Even now do my loss and perhaps my lack govern me.
Lost.
Missing,
needed.
Concealed, unattainable. Crumbled and worn.
Skirted by events that rob and plunder;
and so wells up a churning, unquiet,
sore stream of stolen.
Never to be held again.
Even as I contend against knowledge itself
I find it to be a darkened hollow,
driven toward me at speed.
Impassable and without a wearied flicker of relent,
its ravenous air consuming and incorporating each moment in each place
into its vulgar body;
writhing, parading, leering,
untouchable
and truly hateful.
'No, I do not know the artist of that painting'.
'No, I know little about that'.
'No, I......'
The industry of knowledge is spiteful.
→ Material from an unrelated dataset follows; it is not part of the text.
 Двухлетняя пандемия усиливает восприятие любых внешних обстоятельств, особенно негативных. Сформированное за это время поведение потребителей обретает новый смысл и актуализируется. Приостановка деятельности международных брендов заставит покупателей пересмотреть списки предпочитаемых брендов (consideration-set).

Governed by famine
but 
knowledge knows nothing and
God knows
that. 

Boyband
 
With wet, spiky-haired callousness you snare them. 
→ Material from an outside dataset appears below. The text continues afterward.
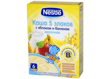 - Каша Нестле (Nestle) 5 злаков с яблоком и бананом 250г с 6мес. по выгодной цене 110 р. руб.;

You do not know what you are. 
Someone is responsible.  It might be you. 
Your trousers give you away. 
Cynically tight or ignorantly loose. 
With sleek-chested arrogance you will small girls 
into infatuation and hysterics. 
Why does no-one arrest you? 
You are men. 
whitemoneydignityteethdignitybackingtrack 
'Iwantyougirl'fashionrepugnantsmilecameranewdancemove 
I witnessed your mistake.  I was sickened, hurt 
and disgusted. 
Throw-away line. 
Guilt on face. 
Nervous bodily manoeuvre. 
The moment passed.  But you 
                are 
                not 
                safe. 
I know that you know. 
"and what is your target audience?" asks fledgeling pop programme interviewer. 
"eight to sixteen year-old girls," mutters chiselled 
facial-haired twenty-four year-old man. 
What does that make you? 
And you charge them their pocket money. 
Please leave. 




There is an ocean.

And how shall I pour forth my love when
I know not where it resides?
I know well the latent trickle that inspires my hope and
I know well the hindered drip, drip, drip of compassion that is not
issued by my will;
but seeps from my soul and is wrought through my soul by another.
I know well that this constant testimony speaks loudly of another.
What sweet assurance.
Even in the barren lands of what I have become, there is certainty
that I have partaken of that ancient living water, that flows before 
all,
for all.
When I turned to myself I found that I had nothing.
I even possessed less than this.
A vast supply of fouled liquid that could only extinguish life.
Long have I
wallowed bathed and feasted in this putrid supply. 
Within, without,
gushing from my hands, my years, my very being,
my all.
Indeed my abundance is as poison.
But, though as dead I turned,
I turned to find
that the drip, drip, drip had sustained me.